I've put in a switch, -u or -utf8, to generate stemmers that handle UTF-8
encoded Unicode characters. Full documentation will follow, although from
the outside little is different. The ISO-Latin-I sources of the Roman
alphabet stemmers are the same; the Russian stemmer has a stem-Unicode.sbl
variant.
Some of the stemmers needed small adjustments. If p marks a position in the
string,
... setmark p ...
the old test
$p > 3
to see if p is beyond the first three characters no longer applies, since
the number in p is a byte offset from the start of the string, not a
character offset.
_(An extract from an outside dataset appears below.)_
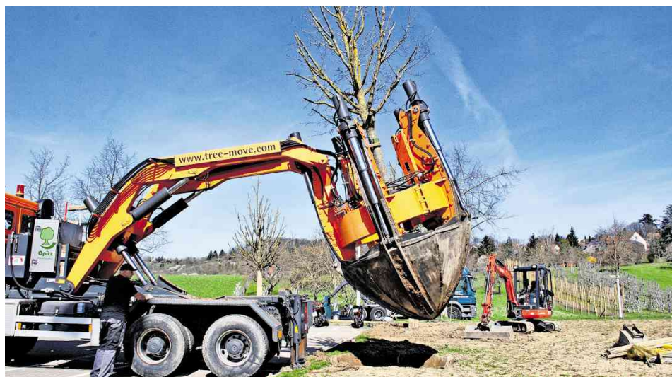
Statt zu fällen wurden im Greut Bäume verpflanzt: Sieben Feldahorne entlang der Alexanderstraße kamen auf das Gelände des Schelztor-Gymnasiums

Verkehrsanbindung: In unmittelbarer Nähe zum Baugebiet befindet sich eine Bushaltestelle sowie öffentliche Parkplätze. Vom Bahnhof in Esslingen sind mit dem ICE, der Regional- oder S-Bahn alle Richtungen erreichbar. Mit dem Auto sind zudem die Bun-

Instead you need something like
... hop 3 setmark x ...
... setmark p ...
and later
$p > x
So marks should be tested relative to other marks, and not against absolute
numeric values. 'size' still measures the byte size of a string, not the
character size.
The same sources can be used to generate UTF-8 and ISO-Latin-1 encodings so
long as code values are defined in hex, e.g.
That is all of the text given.